WHAT YOU ARE ASKED TO DO: The result should be the listing below, restated exactly, with its pictures left out.

SOURCE DATA:
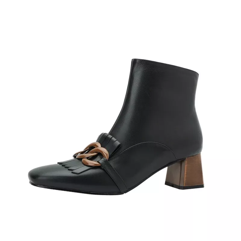 Make a bold statement this winter with these stylish women’s ankle boots. Designed with a distinctive fringe detail, these genuine leather boots offer a mix of modern style and classic comfort. The square toe and high square heel provide a sleek, fashion-forward silhouette while ensuring all-day stability and comfort. Whether you’re dressing up for a night out or adding a touch of sophistication to your everyday look, these boots will quickly become your go-to winter footwear. Perfect for both casual outings and dressier occasions, these boots combine practicality with an elegant British style.
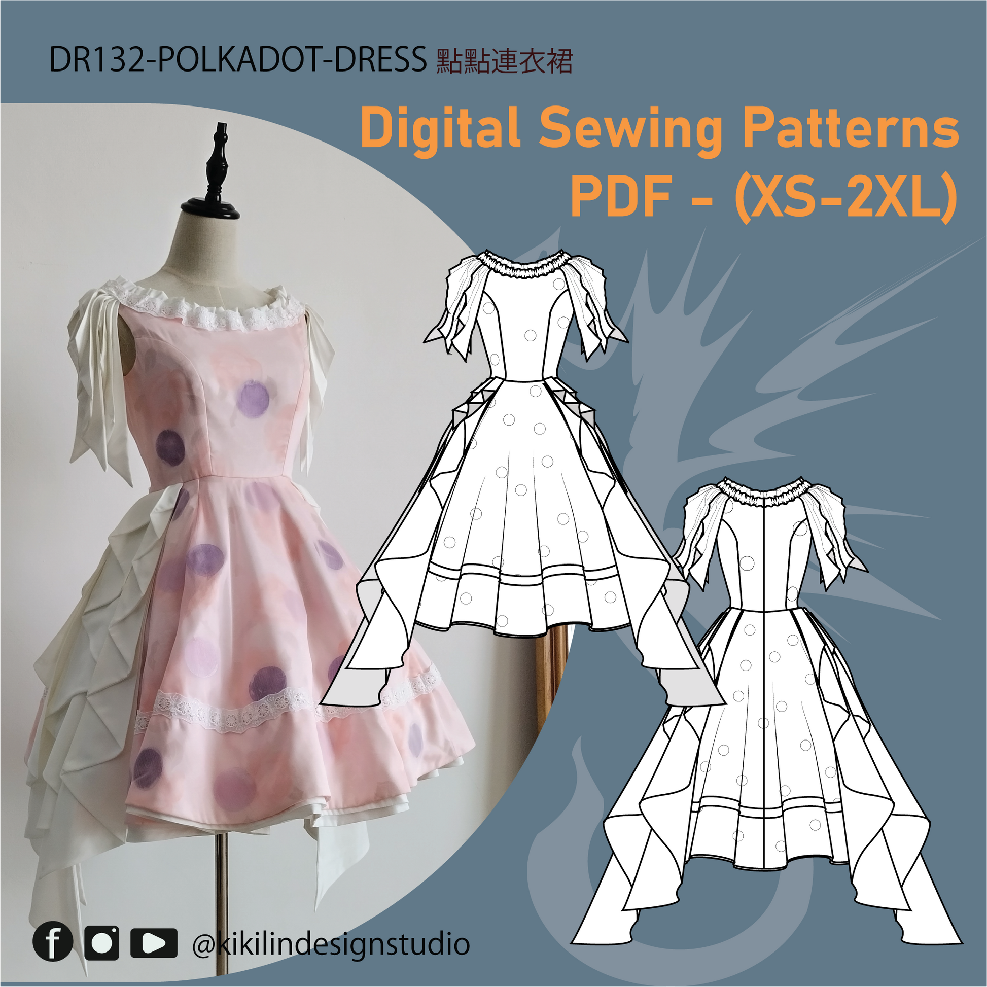 This dramatic dress pattern features a fitted bodice, a playful polkadot skirt, and romantic, layered trim details (like the back draping and neckline ruffles). It's perfect for cosplay, Lolita fashion, or historical-inspired fantasy events.
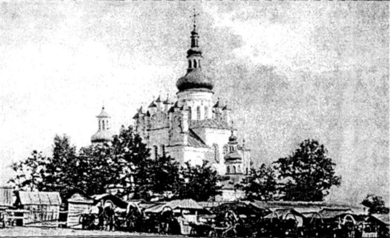 1903 р. Загальний вигляд з південного заходуРозмір зображення: 800:489 піксел Джерело: Віроцький В.Д. Храми Чернігова. – К.: Техніка, 1998 р., с. 129. |
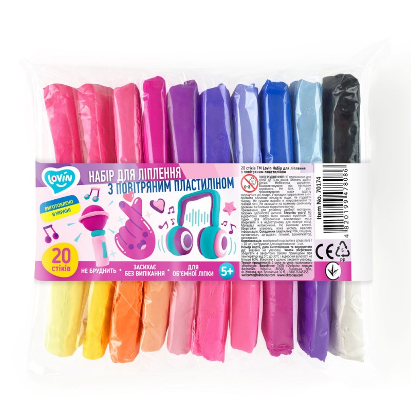 Набір для ліплення з повітряним пластиліном 20 стіків ТМ Lovin кількість

EXERCISE OUTPUT:
 Make a bold statement this winter with these stylish women’s ankle boots. Designed with a distinctive fringe detail, these genuine leather boots offer a mix of modern style and classic comfort. The square toe and high square heel provide a sleek, fashion-forward silhouette while ensuring all-day stability and comfort. Whether you’re dressing up for a night out or adding a touch of sophistication to your everyday look, these boots will quickly become your go-to winter footwear. Perfect for both casual outings and dressier occasions, these boots combine practicality with an elegant British style.
 This dramatic dress pattern features a fitted bodice, a playful polkadot skirt, and romantic, layered trim details (like the back draping and neckline ruffles). It's perfect for cosplay, Lolita fashion, or historical-inspired fantasy events.
 1903 р. Загальний вигляд з південного заходуРозмір зображення: 800:489 піксел Джерело: Віроцький В.Д. Храми Чернігова. – К.: Техніка, 1998 р., с. 129. |
 Набір для ліплення з повітряним пластиліном 20 стіків ТМ Lovin кількість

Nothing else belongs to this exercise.